2) The diversification benefits you cite are not worth the cost.
The Company’s November 29
press release argued that the current diversification benefits will be lost if the businesses are separated. The reality is the diversification benefits you cited in defending Timken’s current structure, in our opinion, cause Timken’s trading discount by confusing investors and obscuring the dramatic operating improvements in the underlying businesses. Investors do not need you to diversify for them. The significant discount investors are applying to Timken’s stock shows the market’s clear preference for pure-play steel or bearings alternatives.

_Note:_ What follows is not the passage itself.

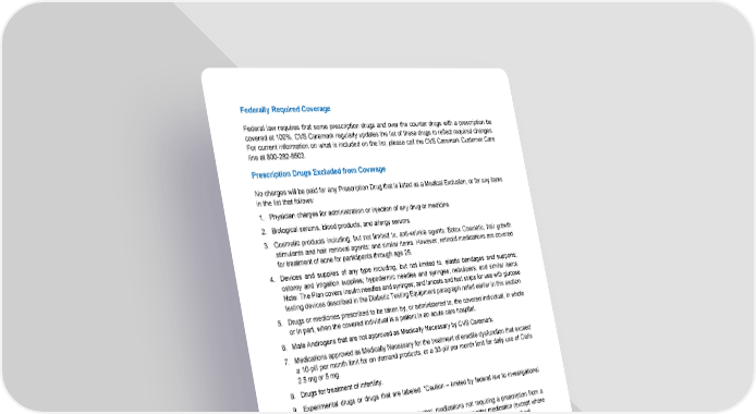 80 Federally Required Coverage Federal law requires that some prescription drugs and over the counter drugs with a prescription be covered at 100%. CVS Caremark regularly updates the list of these drugs to reflect required changes. For current information on what is included on the list, please call the CVS Caremark Customer Care line at 800-282-8503. Prescription Drugs Excluded from Coverage No charges will be paid for any Prescription Drug that is listed as a Medical Exclusion, or for any items in the list that follows: 1. Physician charges for administration or injection of any drug or medicine. 2. Biological serums, blood products, and allergy serums. 3. Cosmetic products including, but not limited to, anti-wrinkle agents; Botox Cosmetic, hair growth stimulants and hair removal agents; and similar items. However, retinoid medications are covered for treatment of acne for participants through age 25. 4. Devices and supplies of any type including, but not limited to, elastic bandages and supports; ostomy and irrigation supplies; hypodermic needles and syringes; nebulizers; and similar items. Note: The Plan covers insulin needles and syringes; and lancets and test strips for use with glucose testing devices described in the Diabetic Testing Equipment paragraph noted earlier in this section. 5. Drugs or medicines prescribed to be taken by, or administered to, the covered individual, in whole or in part, when the covered individual is a patient in an acute care hospital. 6. Male Androgens that are not approved as Medically Necessary by CVS Caremark. 7. Medications approved as Medically Necessary for the treatment of erectile dysfunction that exceed a 10-pill per month limit for on demand products, or a 30-pill per month limit for daily use of Cialis 2.5 mg or 5 mg. 8. Drugs for treatment of infertility. 9. Experimental drugs or drugs that are labeled: “Caution – limited by federal law to investigational use”. 10. Medications lawfully obtainable over-the-counter, medications not requiring a prescription from a physician, and any medication that is equivalent to an over-the-counter medication (except where federal law requires that certain over-the-counter medications be covered when prescribed). 11. Non-legend drugs other than insulin (except where required by federal law). 12. Refills that are in excess of the number prescribed by the physician, or that are dispensed more than one year after the health care provider’s order. 13. Specialty Medications that are not approved for coverage under the guidelines for the CVS Caremark Specialty Guideline Management program. 14. Prescription drugs that are not included for coverage on the CVS Caremark formulary on the date the prescription is filled, or that are excluded from the formulary in favor of therapeutic equivalents (unless approved under the CVS Caremark review option).

3) Both companies will have substantial financial flexibility and the pension liability has been mitigated to the point that it is no longer an issue following a separation.
The same November 29
press release cites a decrease in the Company’s financial flexibility following a separation as a reason to maintain the current structure and on the January 24
earnings call management pointed to the Company’s pension as a reason the businesses needed to stay together. As you should know, the two issues are linked, and neither presents a real obstacle to separating the businesses. With net cash of over $100M and available liquidity of $1.4B
, Timken has significant financial resources and flexibility to ensure that both the Steel and Bearings Businesses are well-capitalized following the separation. Both businesses would have ample funding for their pension and capital expenditure needs while maintaining credit metrics superior to their peers’. The Company has invested over $1.3B into its pension plan over the last 4 years to bring the unfunded liability down to $398M at the end of 2012. CFO Glenn Eisenberg has stated that the pension plan will be nearly fully funded by the end of 2013 and that the Company will annuitize a significant portion of the gross liability, removing it from the balance sheet. The Company’s $1.4B of liquidity could easily be used to fund that pension liability. While the pension may have hindered the Company’s strategic options in the past, we do not find the Company’s assertion that it lacks the ability to sufficiently fund its pension to be credible. The reduced size of the underfunded pension liability also makes it unlikely to be a driver behind Timken’s trading discount.
4) Timken does not trade at a premium to peers on cash flow. It trades at a substantial discount on any cash flow measure that is relevant to investors.
On the January 24
call, management asserted that Timken trades at a premium to peers on cash flow metrics. Management relies on a non-standard calculation of cash flow that we believe is severely flawed. Investors will normally adjust GAAP cash flows for voluntary cash outflows related to pension obligations accrued over previous decades that will not be repeated in future years (since the pension will be fully funded at the end of this year). These voluntary, temporary contributions should not be included as a recurring cash flow. Additionally investors can see that a temporary spike in capital expenditures (before returning to Company guided 4% of sales in 2H14) and the corresponding build-up of working capital should not be seen as permanently impairing free cash generation and should be backed out of the multiple. Once cash flows are normalized, Timken trades at a substantial discount to peers on pension-adjusted EV/FCF, just as it does on pension-adjusted EV/EBITDA.
5) Growth and earnings volatility are a reason to separate the businesses, not keep them together.
On the January 24
call, management proposed Timken’s earnings volatility as a reason the businesses should remain combined. The high earnings volatility and capital intensity of the Steel Business have masked the continually improving margin performance of the Bearings Business over the last five years. The combination of these businesses is driving the discount in Timken’s share price. The only way to eliminate that discount is by separating the businesses.
Spin-off Transactions have Created Substantial Value for Shareholder’s in the Past
As noted above, in 2005 Timken’s closest bearings peer, SKF separated its steel business, Ovako, into a separate company. SKF concluded that the separation offered a structural solution, allowing shareholders to focus on the bearings business and SKF to move to a more variable cost structure.